We are looking for a Senior Data Scientist to help us improve our Data Science products and create new applications. AI/ML Engineer responsibilities include designing and developing machine learning and deep learning systems. Running machine learning tests and experiments and implementing appropriate ML algorithms. To succeed in this role, you should possess outstanding skills in statistical analysis, machine learning methods, and programming. You will be responsible for developing efficient self-learning ML applications.
Responsibilities
:
Study and transform data science prototypes
Understanding business objectives and developing models that help to achieve them, along with metrics to track their progress
Design ML applications
Select appropriate annotated datasets for Supervised Learning methods
Analyzing the ML algorithms that could be used to solve a given problem and ranking them by their success probability
Exploring and visualizing data to gain an understanding of it, then identifying differences in data distribution that could affect performance when deploying the model in the real world
Verifying data quality, and/or ensuring it via data cleaning
Supervising the data acquisition process if more data is needed
Finding available datasets online that could be used for training
Defining validation strategies
Defining the preprocessing or feature engineering to be done on a given dataset
Defining data augmentation pipelines
Training models and tuning their hyperparameters
Run evaluation experiments
Perform statistical analysis of results and refine models
Analyzing the errors of the model and designing strategies to overcome them
Deploying models to production
Remain updated in the rapidly changing field of machine learning
Requirements
:
Proven experience as an AI/ML Engineer or similar role
Ability to effectively design software architecture
Strong knowledge of Python, and R
Deep knowledge of math, probability, statistics, and algorithms
Ability to write robust and testable code
Experience with machine learning frameworks (like Keras, PyTorch, Tensorflow) and libraries (like scikit-learn, pandas, spacy, NLTK)

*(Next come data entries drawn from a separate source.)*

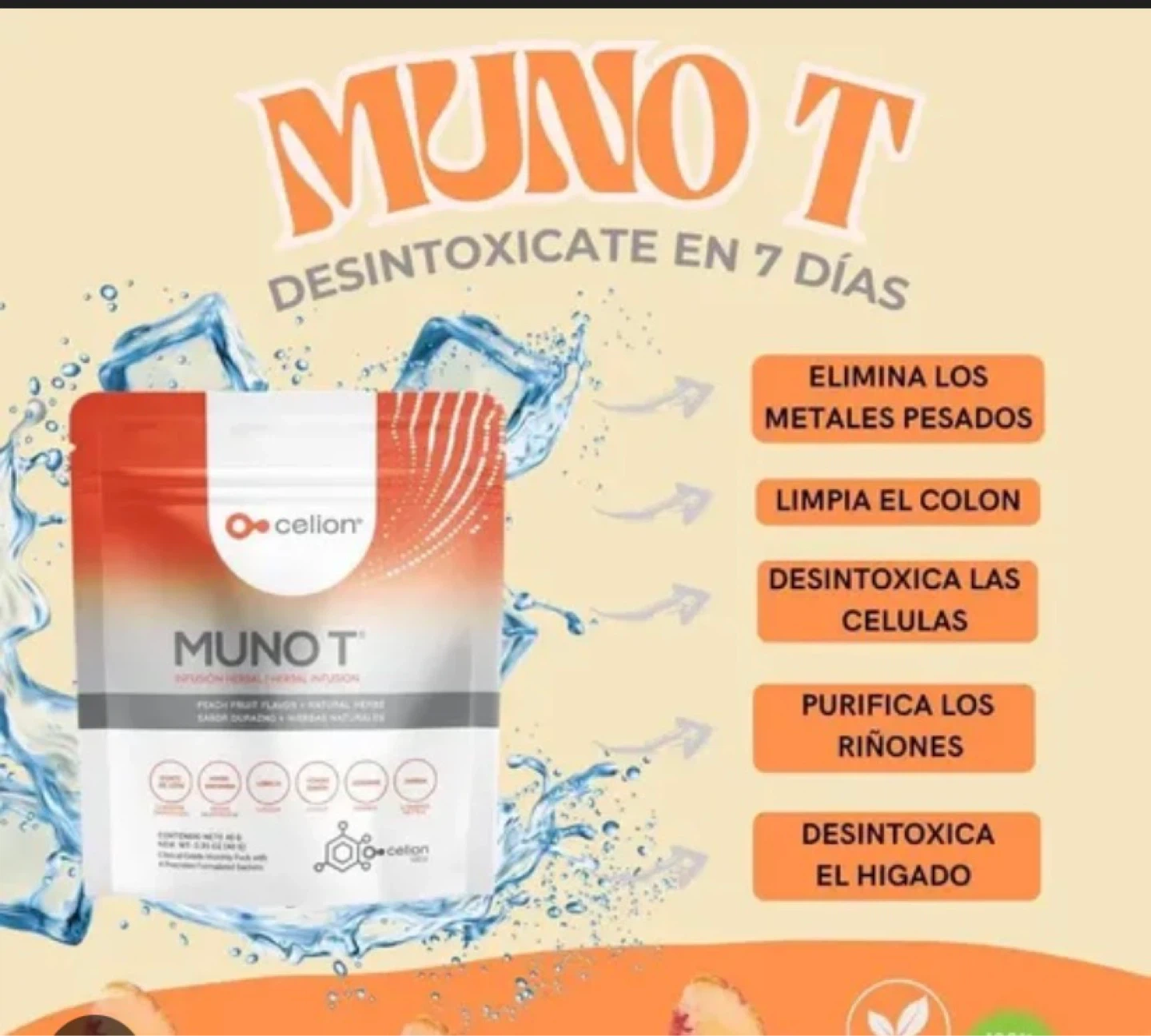 This is the Celion MUNO T herbal infusion. It comes in a peach fruit flavor and natural mint. Contains 30g net wt. 1.05 oz.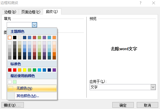 方法二:选重要消除底纹的文字,然后点菜单栏中的格式里的“边框与底纹”,打开“底纹”对话框,把右下角的“应用于”改成“文字”。点“确定”就可以了。
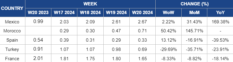In Spain, tomato prices increased by 13.12% WoW to USD 0.33/kg. However, prices decreased by 16.91% MoM compared to USD 0.29/kg in Apr-24, and decreased by 39.53% YoY. This price decrease is due to the persistent drought, which has significantly reduced tomato production, leading to concerns about future water availability and the need to import tomatoes with potentially lower quality standards.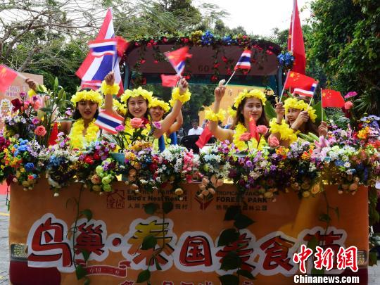 三亞一景區(qū)民俗活動(dòng)中,苗家姑娘以最高禮遇“高山流水”接待游客 王曉斌 攝
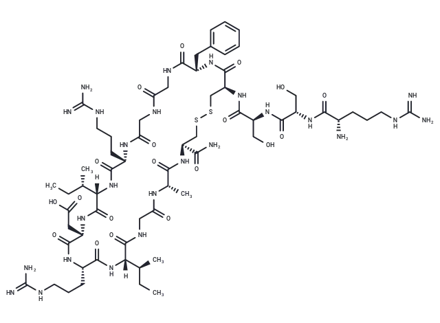 – C([C@@H]1NC(=O)[C@@H](NC([C@@H](NC([C@@H](NC([C@H](CCCNC(=N)N)N)=O)CO)=O)CO)=O)CSSC[C@@H](C(N)=O)NC(=O)[C@H](C)NC(=O)CNC(=O)[C@]([C@H](CC)C)(NC(=O)[C@H](CCCNC(=N)N)NC(=O)[C@H](CC(O)=O)NC(=O)[C@]([C@H](CC)C)(NC(=O)[C@H](CCCNC(=N)N)NC(=O)CNC(=O)CNC1=O)[H])[H])C2=CC=CC=C2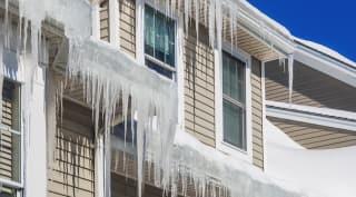 Indicate ice dams Ice dams form when snow piles high on the roof and the weather stays cold Snow touching the roof melts runs down the roof under the snow to the eaves and refreezes Water may back up behind the dam and leak into the attic or sidewalls of the home causing damage (see “First aid for ice dams”) As figure shows icicles on the ... Read Content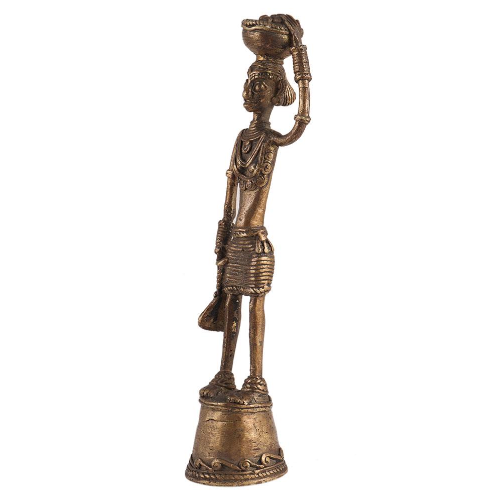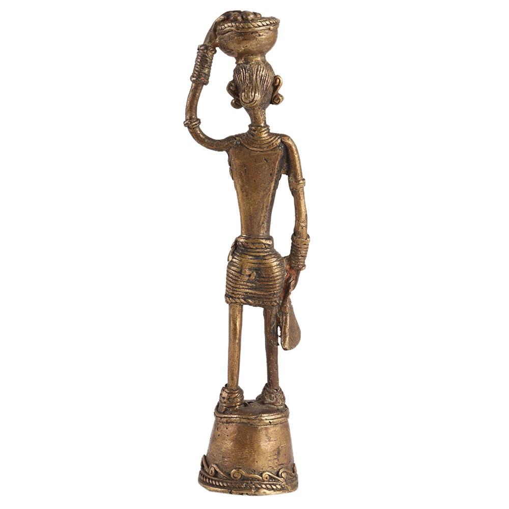 • Brass Tribal lady With Basket Figurine

Good to have knowledge of Amazon and Google ML services
Good to have knowledge of Docker and Kubernetes and cloud platforms like AWS, Azure
Good to have knowledge of MLOps pipelines working to support development, experimentation, continuous integration, continuous delivery, verification/validation, and monitoring of AI/ML models.
Experience communicating research findings and analysis in both written and spoken.
An analytical mind with problem-solving abilities
Excellent communication skills
Ability to work in a team.
Qualification
:
B.S. Or M.S. in Computer Science or equivalent experience.